The Consumer Price Index (CPI) measures the average change over time in prices paid by US urban consumers for a basket of goods and services. The headline number includes food and energy; core CPI excludes both because they are volatile. Markets watch CPI as the most-followed inflation indicator and the primary input the Fed uses to gauge whether policy is restrictive enough. A hotter-than-expected print typically pushes 2Y yields and the USD higher and equities lower.
- Headline CPI - Includes food + energy. Volatile, but newsworthy.
- Core CPI - Excludes food + energy. Cleaner trend signal.
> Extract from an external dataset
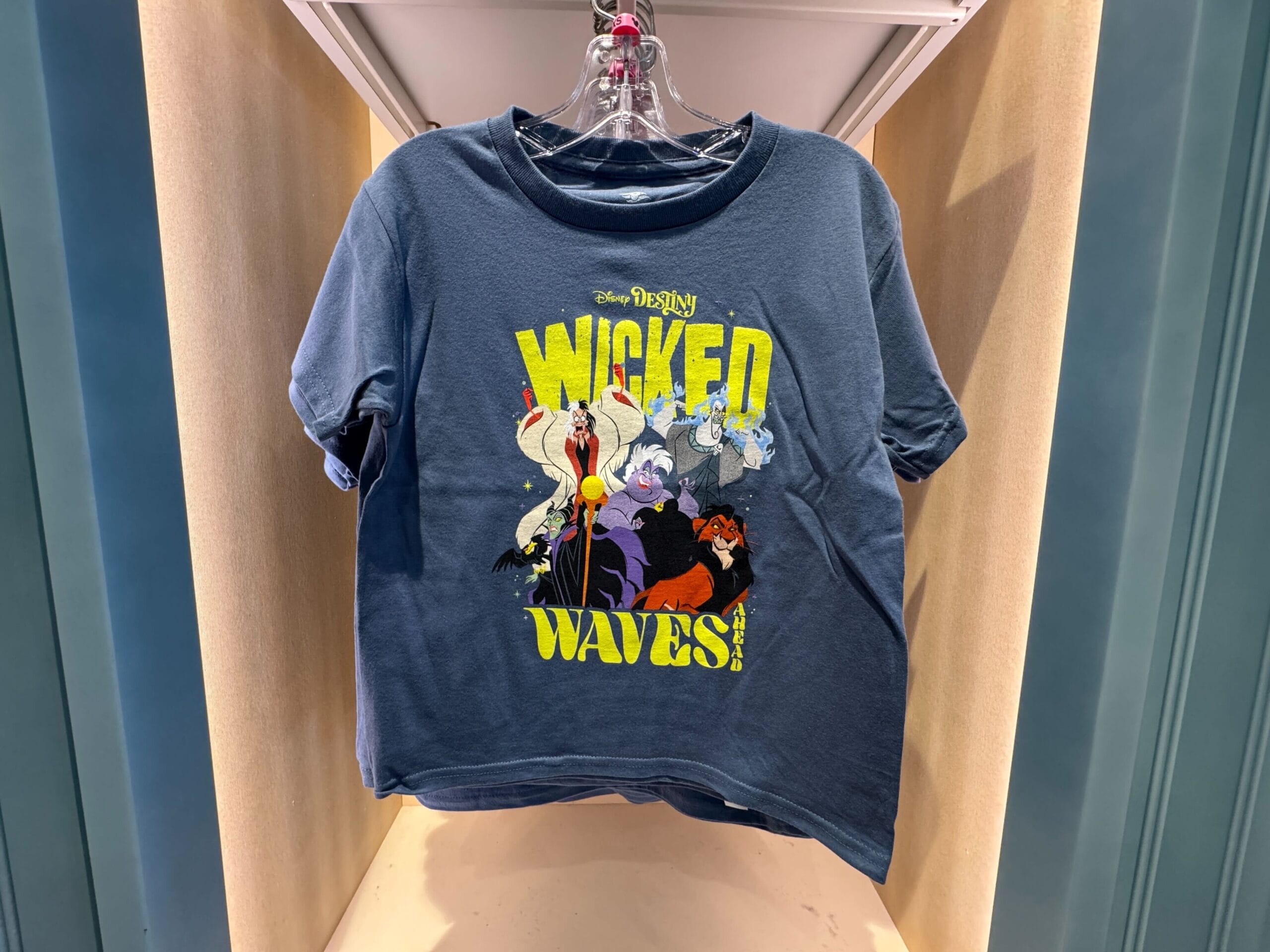 The Wicked Waves T-shirt is blue with Hades, Cruella, Ursula, Mufas, and Maleficent in the center. The Destiny wordmark and “Wicked Waves” yellow text surround the image.

- Shelter weight - ~33% of CPI. Slow-moving, lags real-time rents.
- Released monthly - Around the 10th-15th, BLS, 8:30 AM ET.
How CPI is built
The BLS surveys ~80,000 prices each month across:
- Food (~14%)
- Energy (~7%)
- Shelter (~33%)
- Transportation (~16%)
- Medical care (~8%)
- Other categories
Why markets care
CPI is the Fed's most-watched inflation gauge (alongside PCE). A surprise in either direction repriceses the entire rate path. Watch:
- Headline vs core - divergence signals food/energy noise
- Supercore (services ex-shelter) - Powell's preferred wage-pressure proxy
- Shelter trend - slow-moving but heavy weight
CPI vs PCE
CPI is more newsworthy. PCE is what the Fed targets. They usually move together but PCE is typically 30-50bp lower because of methodology and weight differences.